Cryo-scanning electron microscopy
Cryo-scanning electron microscopy was used to observe the trichomes on the leaf. A section of leaf (approximately 3- × 3-mm) along the length of the lamina and midway between the margin and the mid-vein was fixed in a custom sample holder and submerged in liquid nitrogen for 2 min. A cryo-transfer shuttle Quorum pp3010t was used to transfer the sample to a precooled chamber under vacuum for coating. The samples were then observed at an accelerating voltage of 7.0 kV with a scanning electron microscopy (ZEISS Sigma 300, Zeiss, Oberkochen, Germany) with a cryogenic stage maintained at – 140 ℃.

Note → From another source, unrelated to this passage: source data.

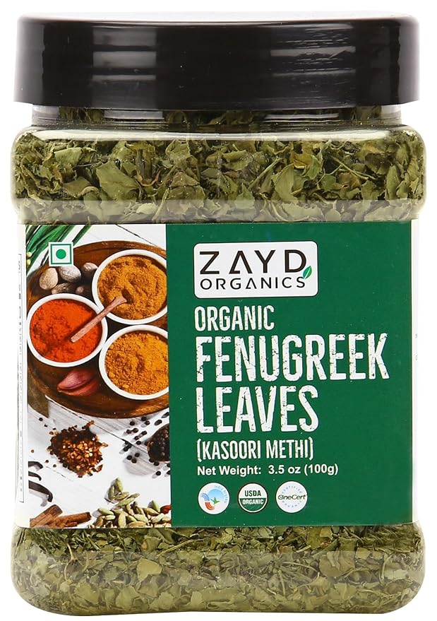 Zayd Organic Kasuri Methi, Organic Kasoori Methi, Organic Dried Fenugreek Leaves, USDA Organic, Indian Origin, 100g (3.5oz)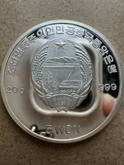 5 Won silver coin 2002 North Korea Kouprey silver coin, part of the "Fauna of Asia" series. $200Gardena, CA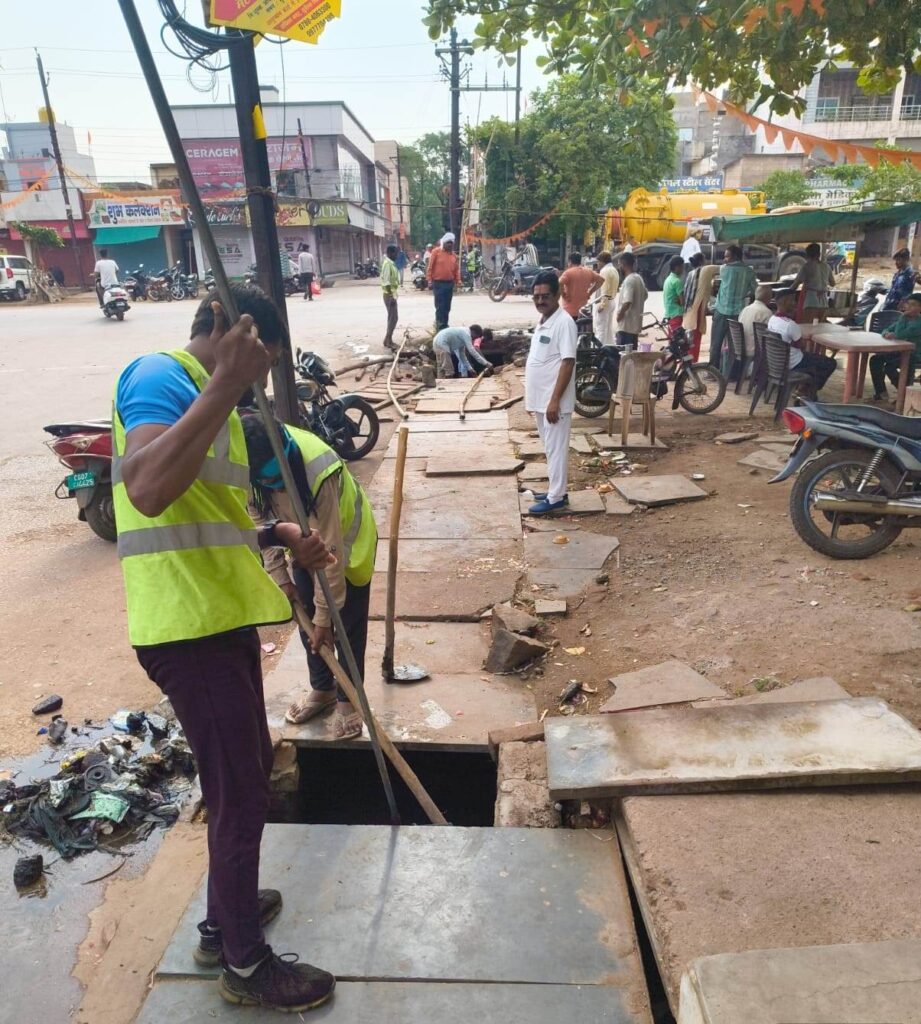 भिलाईनगर। अप्रत्यासित बरसात के कारण नगर पालिक निगम भिलाई के कुछ क्षेत्रों में जल भराव हो गया था। जिसे निगम की टीम युद्व स्तर पर व्यवस्थित करवा रही है। कुछ क्षेत्रों में आंधी-तुफान से वृक्ष भी गिर गये थे, उसे भी हटवाया जा रहा है। आयुक्त राजीव कुमार पाण्डेय ने स्वास्थ्य अधिकारी जावेद अली को निर्देशित किए है कि नगर निगम भिलाई को हमेशा तत्पर रहना चाहिए। कहीं भी किसी भी परिस्थिति में जल भराव या पेड़, डाली गिरने की स्थिति में निगम का अमला तुरन्त सक्रिय होे जाए। इसकी तैयारी निगम क्षेत्र के सभी बड़े नाली, नालियों को पुनः एक बार जे.सी.बी. एवं चैन माउटिंग से सफाई कर दिया जाए, जिससे पानी का निकासी बराबर हो सके।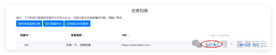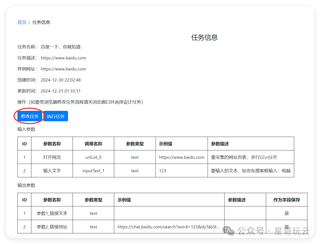 查看示例任务1.点击“查看/管理/执行任务”主要看看作者给到的实例,来理解
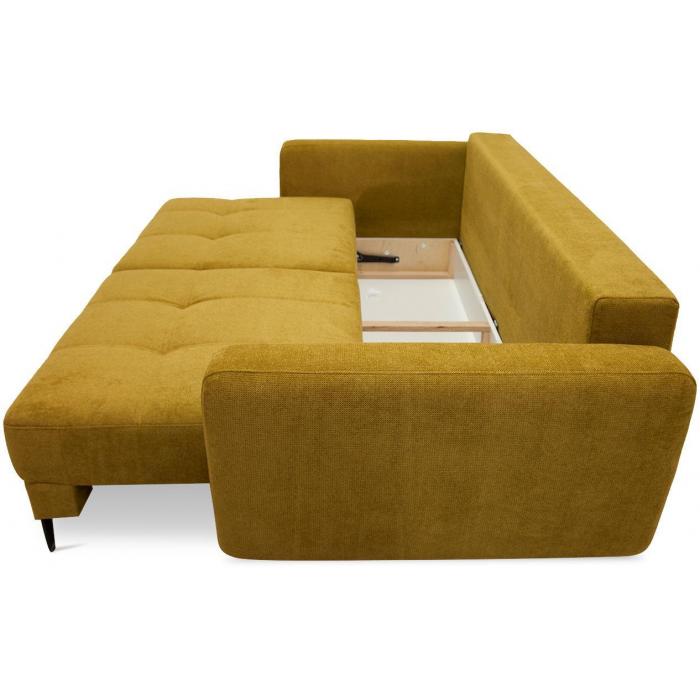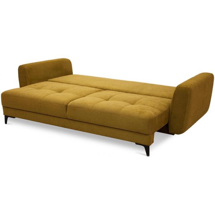 Powierzchnia spania po rozłożeniu wynosi 158x200 cm - optymalnie dla dwóch osób. Kanapa rozkładana Nesso wzbogacona jest o pojemnik na pościel - dodatkowe miejsce do przechowywania to dobre rozwiązanie zwłaszcza do małego mieszkania. Wypełnienie siedziska stanowią sprężyny faliste, które zapewniają komfort podczas relaksu.

Molecular analysis of CRISPR/Cas9 target sites
Genomic DNA was extracted from seedlings according to CTAB method. The primers BrrTCP4bF and BrrTCP4bR were used to amplify BrrTCP4b. The PCR products were sequenced and aligned with the MEGA11 [20].
Statistical analysis
Statistical analyses of the experimental data were performed using single-factor analysis of variance or Student’s t-test implemented in SPSS (Version 17.0).
Accession numbers
Sequence data for most genes studied in this article can be found in the National Center for Biotechnology Information under the following accession numbers: BrrTCP4b (KY608005); BrrWUSa (MN481054); BrrGIS (ON887158) and BrrLOX2 (ON887159).